Entre numa delegacia policial, visite uma prisão,
vá a um hospital público, converse com crianças de
rua, negros, vendedores ambulantes e desempregados. Verá
como são tratados os direitos humanos. Experimente viver um mês
com salário de R$ 130,00. E conclua se ele assegura seu direito
de sobrevivência em um nível mínimo de dignidade humana.
Em 1968, a ONU convocou, em Teerã, uma Conferência
Mundial de Direitos Humanos. Constatou-se que, 20 anos após a
aprovação da Declaração, as violações prosseguiam: torturas,
assassinatos, censura, abuso de crianças e violência sobre a
mulher. Um programa foi traçado e todos concordaram que 25 anos
mais tarde deveriam sentar-se à mesa para avaliar os resultados.
O balanço foi feito em 1993, em Viena, na 2ª
Conferência Mundial de Direitos Humanos, convocada pela ONU.
Constatou-se que as violações têm sido crescentes, de genocídios
indígenas a massacres de camponeses (vide Corumbiara e Eldorado
dos Carajás), do cerceamento da liberdade de imigrantes ao
ressurgimento de grupos neonazistas.

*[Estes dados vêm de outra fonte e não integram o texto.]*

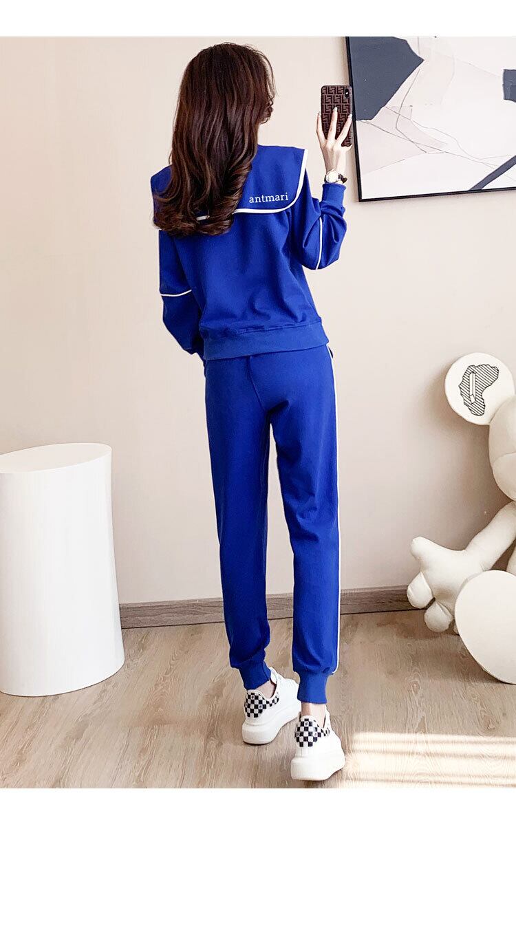 大きなセーラーカラーがかわいいセットアップです。大きなカラーで顔回りの小顔効果アップ。ジャージ素材を使用しているので、動きやすく快適に着用できます。カラーは黒とブルーの2色から選べます。

Na própria Áustria, país
anfitrião, denunciou-se, durante o evento, a existência de um
“viveiro” de crianças destinadas a serem sacrificadas em
benefício do tráfico de órgãos.
De nada adianta o programa de FHC se não é
acompanhado de medidas econômicas, urgentes e eficazes, para
reduzir o desemprego, aumentar a escolarização, erradicar o
trabalho infantil, pôr fim ao trabalho escravo, sanear as forças
militares e policiais e, sobretudo, promover a reforma agrária. O
programa de renda mínima às famílias carentes, sugerido pelo
senador Eduardo Suplicy, poderia ser adotado como um primeiro
passo significativo. Mas o que o governo propõe são pacotes
recessivos, sem ônus para os agiotas internacionais, os
especuladores e os detentores de grandes fortunas.
Hoje, o crescimento da pobreza, a ineficiência
do sistema judiciário, os desrespeitos aos direitos da mulher e
da criança, exigem medidas mais concretas que uma carta de boas
intenções recheada de discursos inflamados. Um tema prioritário
é a impunidade dos que violam (e violaram) os direitos humanos,
como a repressão policial-militar aos guerrilheiros do Araguaia e
os torturadores aquartelados pelo poder público. A impunidade
favorece o desprezo da lei. De nada adiantam programas, conferências
e acordos se governos e autoridades, responsáveis pela defesa dos
direitos humanos, são cúmplices de policiais que torturam, de
grupos de extermínio, do racismo, da violência sobre mulheres e
crianças, de interesses corporativos que excluem, do orçamento e
da pauta federais, a questão social.
Falar em direitos humanos no Brasil e na América
Latina é luxo. Aqui, ainda lutamos por direitos animais, pois
comer, abrigar-se do frio, educar a cria, são coisas de bicho. Há
milhões de crianças abandonadas e milhares de mendigos catando
restos em latas de lixo. Por que morrem, de subnutrição, cerca
de 350 mil crianças por ano no Brasil?
Há, porém, um dado tão grave quanto os
alarmantes índices sociais: hoje, no Brasil, denunciar violações
dos direitos humanos é crime aos olhos de certas autoridades. A
corrupção da alma é mais grave que a do bolso. E quase sempre
as denúncias resultam em impunidade para o denunciado e em
transtornos e riscos para o denunciante. Se o presidente e seus
ministros não forem os primeiros a dar o exemplo de atitudes
firmes, este programa será mais uma peça demagógica deste
governo que, no início de 1995, prometeu acabar com o trabalho
escravo, assentar 50 mil famílias e, agora, admite que “não
tem paixão pelo social”, como reconheceu o ministro Clóvis
Carvalho. Mas não disfarça sua paixão pelo continuísmo.
Há 110 anos a princesa Isabel assinou a abolição
oficial da escravidão. E este regime de trabalho perdura no
Brasil, sobretudo em latifúndios da Amazônia. Quando será que o
Brasil e os brasileiros deixarão de ser reféns da pecha
policialesca de que defender direitos humanos é sinônimo de
defender bandidos?
Frei Betto, frade dominicano e escritor, é reconhecido
internacionalmente por sua luta em prol dos direitos humanos.